Data quality is the most important component of research. If you aren’t achieving high-quality, credible results, why invest time and money in conducting research at all? 

This is unquestionably true of the agile research generated by Feedback Loop, as our platform executes rapidly - going from objective to report in 72 hours. In agile research, there simply isn’t time to replace poor quality data. Anything unusable is tossed out resulting in a smaller sample sizes for quick and iterative decision-making.

Data quality is a contentious topic. Every player in the research space has a different opinion of who is ultimately responsible.  At Feedback Loop, we value accountability. We feel that ensuring good data quality starts with thoughtful questionnaire design. 

Before looking at a finished survey as a whole, let’s review Feedback Loop’s standards and best practices for designing individual questions.

1. Avoid Leading Questions

At Feedback Loop, we take pride in our research expertise and craft well thought-out, effective tests each time. We are well-versed on the ins and outs of participant behavior. In research, you can lead a horse to water, and it actually will drink. In other words, any stereotype or opinion you offer to people in your survey questions will likely be validated. 

Avoid using opinions or assumptions when crafting questions and response options. Make it possible for people to disagree with your opinions and hypotheses.

For example:

  • Is this app experience easier to use than the previous? 

vs.

  • Which app experience was easier to use?

People are most likely to answer yes in the first question. The second question reduces the likelihood that the response will be biased by asking people for their opinion between the two concepts without encouraging a particular response.

As a general rule of thumb, avoid yes or no questions as people most likely reply “yes” when faced with a yes/no question.

2. Avoid Double-Barreled Questions

A double-barreled question is when two questions are merged into a single question and answered with a single response, leading to inscrutable results.

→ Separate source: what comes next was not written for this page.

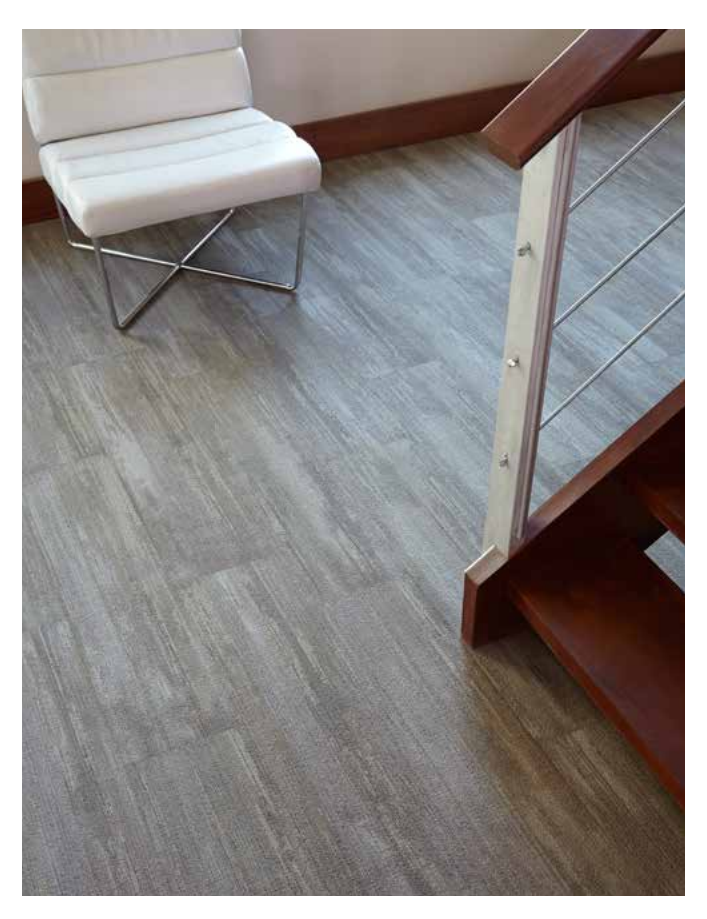
Color Field in Birch Shadow, 25cm x 1m ashlar tile installation

Here are examples of double-barreled questions:

Feedback Loop Survey Question Writing GuideEffective survey question writing

Double-barreled questions are detrimental to high-quality research results. They may seem like a good way to include more information in a short survey, but how good is a survey response that cannot be accurately tied to the question it answers? To check for double-barreled questions, search for the words “and” or “or” in your survey document. While this is not failsafe, it’s a great first step.

3. Avoid Absolutes

Similar to appreciating neutrality, researchers should avoid using absolute language in their research. Absolutes are terms like “Always”, “Never”, “Every”, “All”. These terms are extreme and often exaggerate opinions. Just as you would avoid a yes or no question, allow people to express nuanced opinions, lifestyles, and behaviors.

Rule #5-6 to writing great survey questions, avoid absolutes and obscure language

This is an extreme example that doesn’t elicit the truth from people as they may drink coffee most days or some days, but not every day or never. Rarely is something black and white or all or nothing.

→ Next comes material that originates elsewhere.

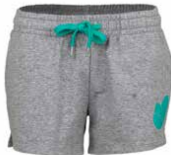
Short mint 200 NOK
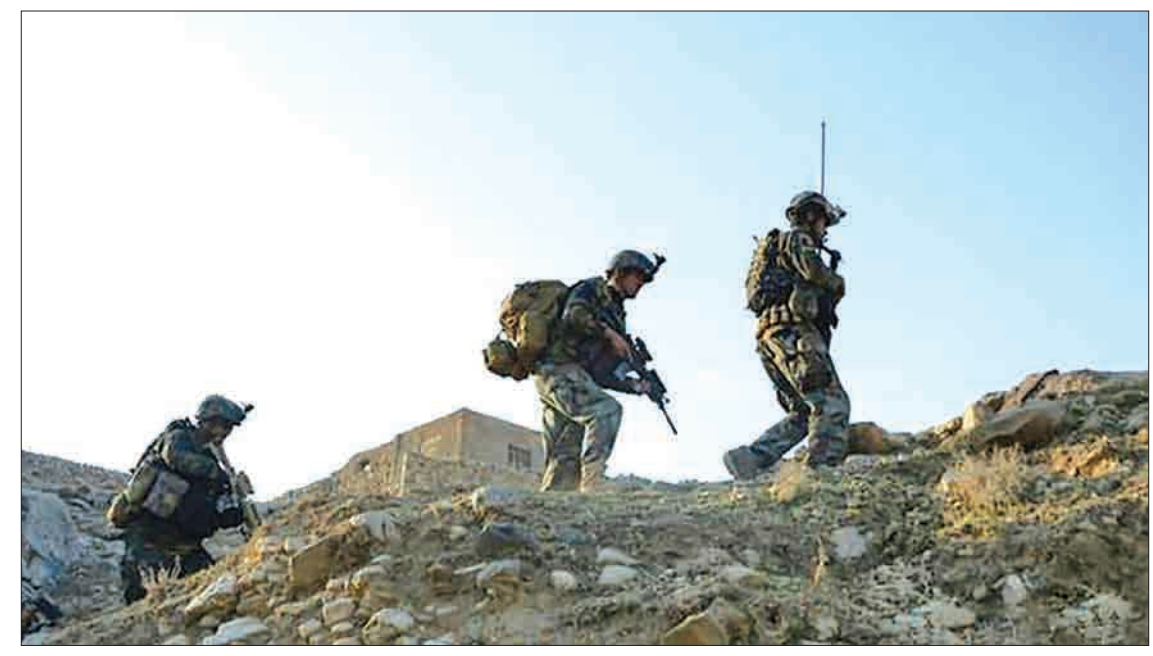
Afghan commandos and the US air force have driven the Taliban to the outskirts of the western provincial capital of Farah, officials said Wednesday.

With internet and mobile networks patchy, casualty figures were difficult to verify. On Tuesday, the defence ministry said four soldiers and "dozens" of insurgents had been killed.

4. Offer Balanced Answer Options 

We talked about leading questions in our first point, but it’s worth mentioning again in the context of scale questions. Scales and answer options should always be balanced to avoid projecting opinions onto people.

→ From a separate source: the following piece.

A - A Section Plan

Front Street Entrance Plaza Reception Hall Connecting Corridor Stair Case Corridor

Let’s take a look at an example:

How much do you agree with the following statement? 

Renters insurance makes me feel secure.

Agree Strongly

Agree Somewhat

Agree Slightly

Neutral

Disagree

Here you are effectively reducing to a three-point scale with varying degrees of “Agree”. This approach often provides data that is falsely positive since you are offering more opportunities for people to agree with the statement.

A better approach would be to reframe the scale to be balanced:

How much do you agree with the following statement? 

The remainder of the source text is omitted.